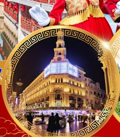
ถนนคนเดินหนานจิง

เดอะบรันด์ หาดไต้หวัน ขึ้นหอไข่มุก อิสระ เชียงใหม่ ดิสนีย์แลนด์ วัดหลงหัว อายุมากกว่า 1700 ปี สักการะวัดพระหยกขาว สวนอีหยวนกว่า 400 ปี สตาร์บัค ใหญ่ที่สุดในเอเชีย ช้อปปิ้งถนนโบราณชื่อดัง
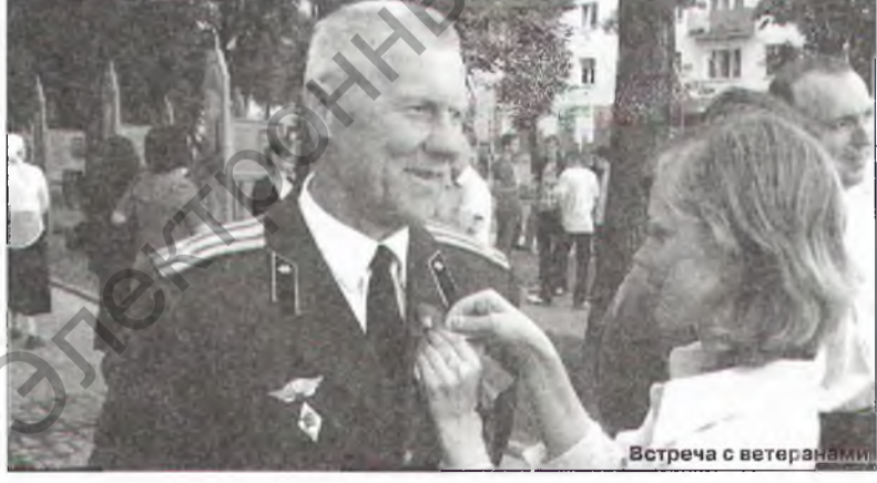
Встреча с ветеранами
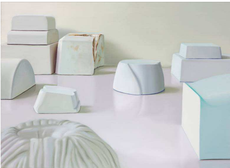
Profils , 2013, huile sur toile, 52 x 72 cm.
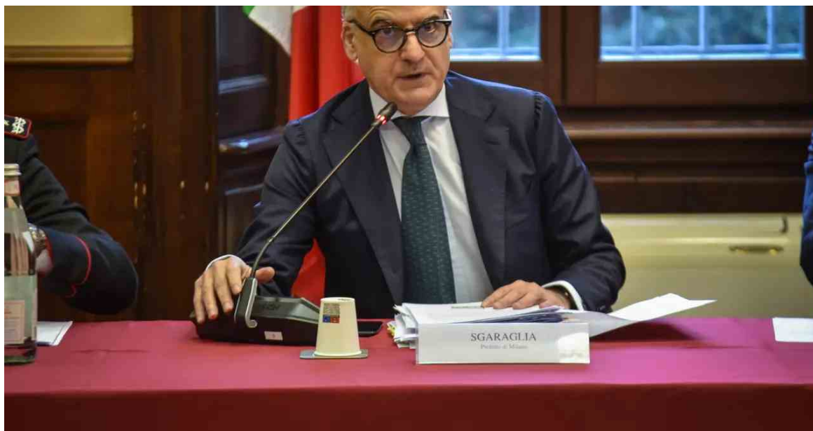
Claudio Sgaraglia, prefetto di Milano

L'ultimo capitolo è connesso all'uso delle lame e agli episodi di microcriminalità , che sono in calo all'ombra della Madonnina (circa 2.200 minorenni sono stati coinvolti in reati nel 2025, con una diminuzione del 6%), ma evidenziano un tema: tra i reati predatori, uno su cinque è commesso da under 18 . "C'è una grande presenza di attività delittuosa svolta da minori con uso dei coltelli – aveva spiegato anche il prefetto Claudio Sgaraglia nel bilancio di fine 2025 -. È necessaria non soltanto una repressione delle forze di polizia, ma un'attività molto più complessa che coinvolga anche le attività sociali, le scuole, le famiglie".
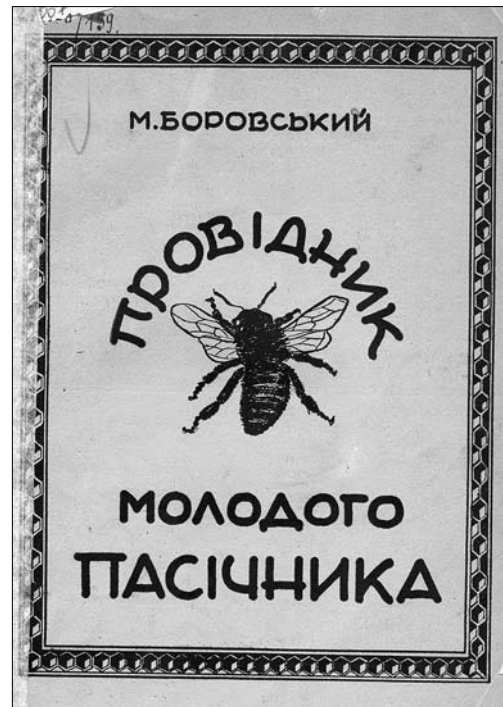
Іл. 7. Боровський М. «Провідник молодого пасічника». 1939 р. Обкладинка

ISSN 1028-5091. Народознавчі зошити. № 1 (169), 2023

__________________________________________________

For this exercise, output only the lines from the one bearing "เดอะบรันด์ หาดไต้หวัน ขึ้นหอไข่มุก" to the end of the material above, exactly as written, with pictures left out.

เดอะบรันด์ หาดไต้หวัน ขึ้นหอไข่มุก อิสระ เชียงใหม่ ดิสนีย์แลนด์ วัดหลงหัว อายุมากกว่า 1700 ปี สักการะวัดพระหยกขาว สวนอีหยวนกว่า 400 ปี สตาร์บัค ใหญ่ที่สุดในเอเชีย ช้อปปิ้งถนนโบราณชื่อดัง
Встреча с ветеранами
Profils , 2013, huile sur toile, 52 x 72 cm.
Claudio Sgaraglia, prefetto di Milano

L'ultimo capitolo è connesso all'uso delle lame e agli episodi di microcriminalità , che sono in calo all'ombra della Madonnina (circa 2.200 minorenni sono stati coinvolti in reati nel 2025, con una diminuzione del 6%), ma evidenziano un tema: tra i reati predatori, uno su cinque è commesso da under 18 . "C'è una grande presenza di attività delittuosa svolta da minori con uso dei coltelli – aveva spiegato anche il prefetto Claudio Sgaraglia nel bilancio di fine 2025 -. È necessaria non soltanto una repressione delle forze di polizia, ma un'attività molto più complessa che coinvolga anche le attività sociali, le scuole, le famiglie".
Іл. 7. Боровський М. «Провідник молодого пасічника». 1939 р. Обкладинка

ISSN 1028-5091. Народознавчі зошити. № 1 (169), 2023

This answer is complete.